KAPITAL
- Type: Private
- Industry: Fashion
- Founded: March, 1985
- Founder: Toshikiyo Hirata
- Headquarters: Kurashiki, Okayama Prefecture, Japan
- Number of locations: 13
- Key people: Toshikiyo Hirata Kiro Hirata
- Products: Denim, clothing
- Brands: Kapital Kountry
- Website: kapital.jp

= Kapital (brand) =

Japanese denim and fashion brand

Kapital (Japanese: キャピタル), often stylized as KAPITAL, is a Japanese denim and clothing brand known for its use of traditional textile and patchwork methods. Kapital was founded in 1985 by Toshikiyo Hirata.
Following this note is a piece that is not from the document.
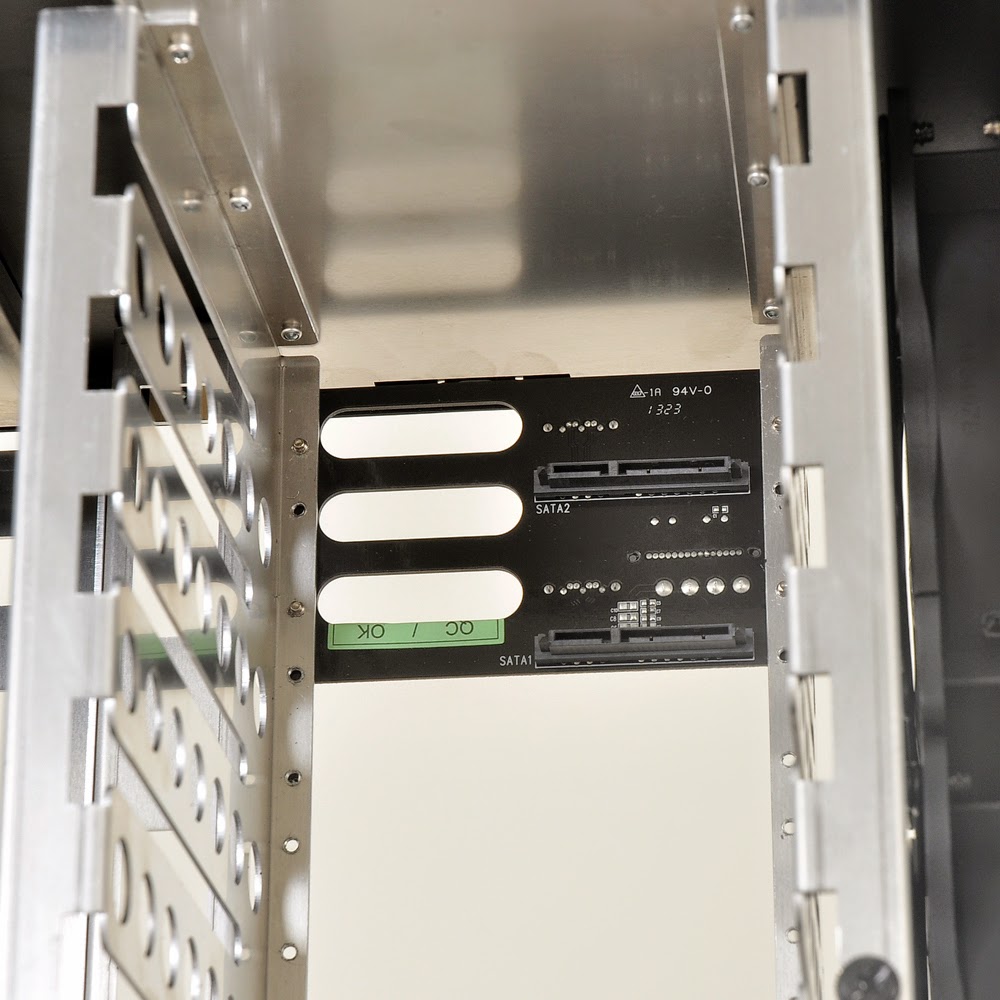 - Hot-Swap-Backplanes für zwei 3,5“ Schächte enthalten (mehr verfügbar)
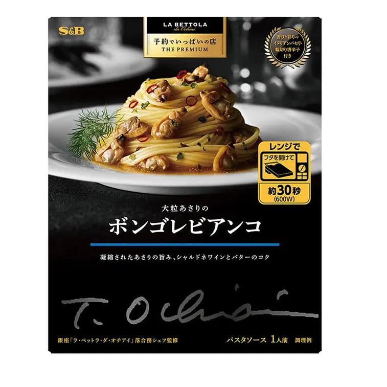 "Vongole Bianco" is a pasta sauce supervised by Chef Ochiai, the owner and chef of "La Bettola da Ochiai", a popular restaurant in Ginza, known as a "restaurant full of reservations" and a highly praised Italian chef by Italians living in Japan. Rich and aromatic flavor of scallion juice combined with olive oil. Comes with parsley topping.

The clothing brand is renowned for its denim, workwear, and Americana-inspired garments, and has developed a cult following for its eclectic and handicraft work and limited-production denim. It has been described as “ perhaps the best-known Japanese workwear brand on the planet.”

Kapital operates 13 stores across Japan, and is sold in select retailers globally. Clothing is produced across 4 sewing factories and 1 dyeing factory.

== Etymology ==
The "Kapital" name originates in the company's founding in Kojima District, Okayama, an area known as Japan's "Denim Capital".

== History ==
Toshikiyo Hirata was inspired to begin making denim after visiting the United States in the 1980s to teach karate where he encountered mid-century American denim. Upon his return to Japan, he studied denim-making techniques in Kojima, and started a denim factory in 1984 replicating the quality of mid-century American-made denim. Hirata formally founded the Kapital brand soon after in 1985.
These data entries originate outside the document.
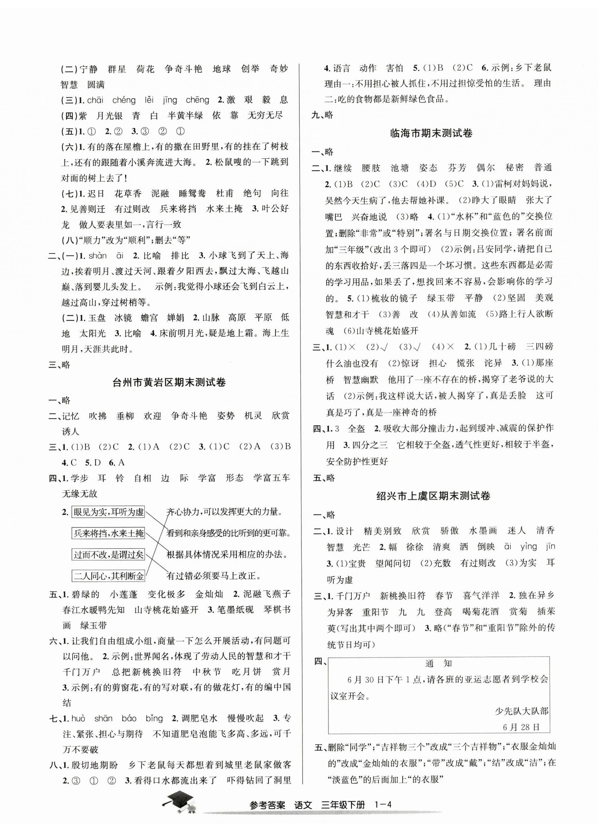 注:目前有些书本章节名称可能整理的还不是很完善,但都是按照顺序排列的,请同学们按照顺序仔细查找。练习册 2024年期末直通车三年级语文下册人教版 答案主要是用来给同学们做完题方便对答案用的,请勿直接抄袭。
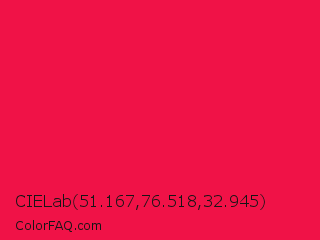 CIELab 51.167,76.518,32.945 Color is a normal red color and the nearest color is Red Ribbon #ed0a3f. Hex code #f01247 and RGB value is rgb(240,18,71). In RGB color space, this color is composed of 94% red, 7% green, 28% blue, In CMYK color space, this color is composed of 0% cyan, 93% magenta, 70% yellow , 6% black , In HSL color space, this color has a hue angle of 346° , 88% saturation and 51% lightness.
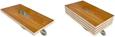 Привод верхнего прижима (прижимная балка) осуществляется от двух пневмоцилиндров, что обеспечивает жесткий и равномерный зажим плит ДСтП во время раскроя. |
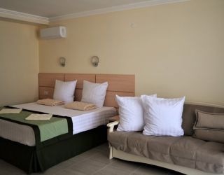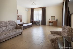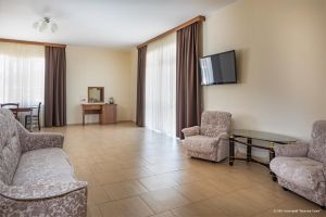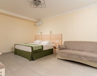 Количество комнат 2-комнатныйТип номера СемейныйДополнительное место раскладной диван: 2Кол-во доп. мест 4 Кол-во основных мест 2 Площадь (кв. м) 40 Мебель вешалкадиван раскладной: 2зеркалокровать двуспальнаяприкроватные тумбочкистолстолик журнальныйстульяшкафОборудование мини-холодильниксейфсплит-системателевизор ЖКчайный набор посудыэлектрочайникСанузел с душемтуалетные принадлежностифенСервис Wi-Fi бесплатносмена полотенец: 1 раз в 3 днясмена постельного белья: 1 раз в 3 дняуборка номера: 1 раз в 3 дняОднокомнатный номер студийного типа с джакузи.
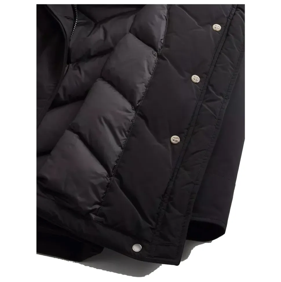 Woolrich donzen jas in Ramar-stof biedt winddichte, waterafstotende bescherming met lichtgewicht, isolerende warmte. De jas heeft een afneembare bontinzet op de capuchon en praktische sluitingen voor dagelijks gebruik in de winter. Belangrijkste kenmerken: Zwart | Nero | Ramar-stof | Waterafstotend (Teflon-coating) | Winddicht | RDS-gecertificeerde donsvulling | Verborgen ritssluiting en drukknoopsluiting | Geribbelde interne manchetten | Beschermende capuchon | Capuchon met afneembare bontinzet | Diagonale klepzakken | Zijlabel met merk | Samenstelling & onderhoud: 70% grijs eendendons | 30% veren | Ramar-stof | Teflon-coating | Volg de wasinstructies op het kledinglabel.
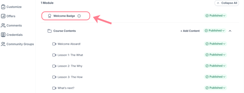 - Every new course now includes a pre-attached Welcome Badge.
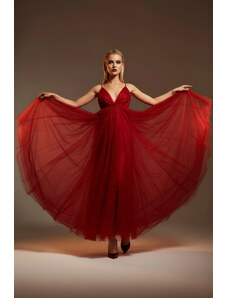 Parizianista φόρεμα τούλινο εξώπλατο με μπούστο κεντημένο με πούλιες & σκίσιμο μπροστά - Κόκκινο - 010014
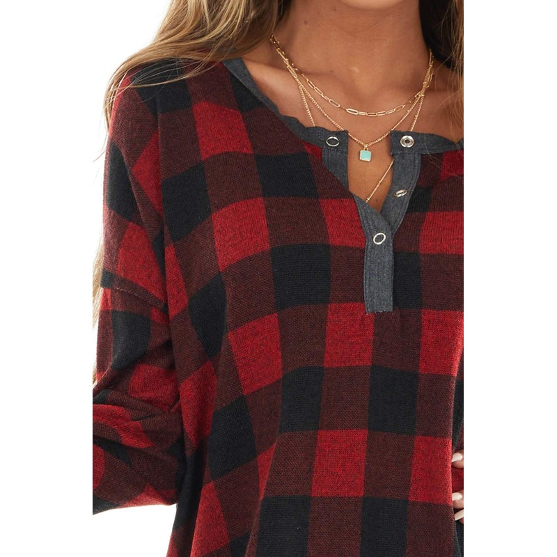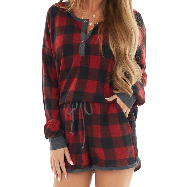 Artfish Women Christmas Pajama Set Shorts Soft Buffalo Plaid Loungewear Comfy Pjs Red,M
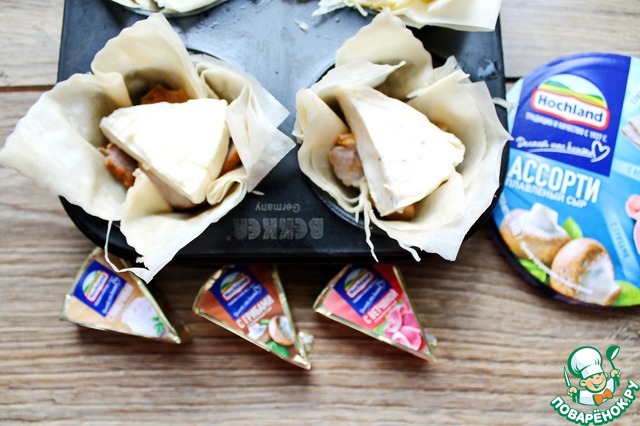 На мясо уложите по одному треугольничку плавленого сыра, немного вдавив. Если возьмете, как я, сырное ассорти, то у вас получатся разные по вкусу.

Toshikiyo's son Kiro Hirata joined the brand in 2002 to assist in contemporary fashion and marketing appeal for the brand. Combined with its expertise in high quality denim manufacturing, the brand began to branch out into more niche areas of the fashion industry, and carved out a reputation for eclectic artisan designs.
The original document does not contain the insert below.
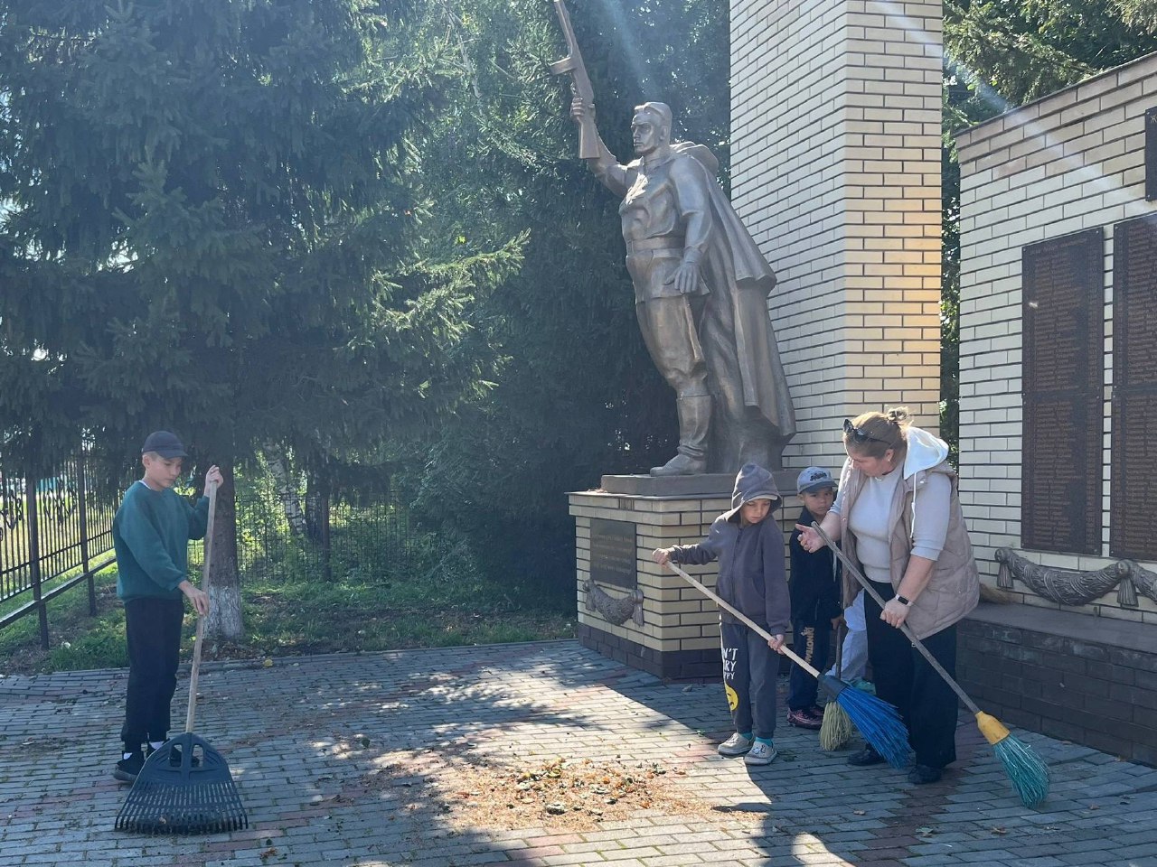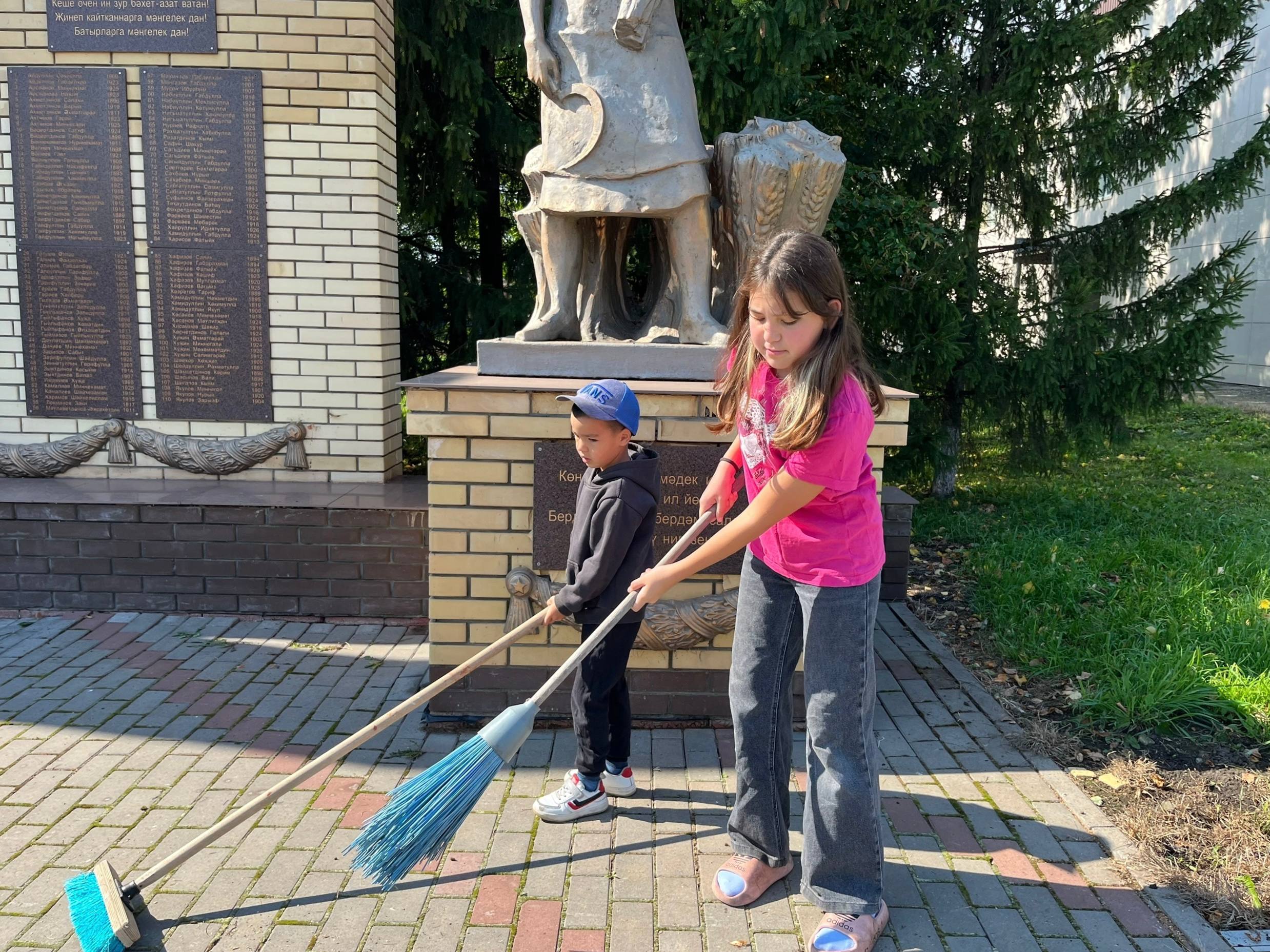 В селе Старое Абдулово сотрудники Дома культуры вместе с детьми приняли участие в акции «Чистый памятник».

The brand further began experimenting in the 2000s with natural and synthetic dyes, cut and sew garments, hand overstitching, bandanas, as well as creating more than just denim bottoms with tops, outerwear, footwear, and accessories.

Founder Toshikiyo Hirata died in April 2024. His son Kiro will continue to helm the brand as creative director.

In 2024,L Catterton, a private equity firm associated with French conglomerate LVMH, acquired a majority stake in Kapital.

== Production ==
Kapital specializes in multiple traditional and artisanal garment manufacturing techniques, such as sashiko, boro, quilting, patchwork, distressing, mending, cut-and-sew, and appliqué. In denim production, the brand also uses stone washing and enzyme washing. These techniques are modernized and adapted for contemporary production and innovation.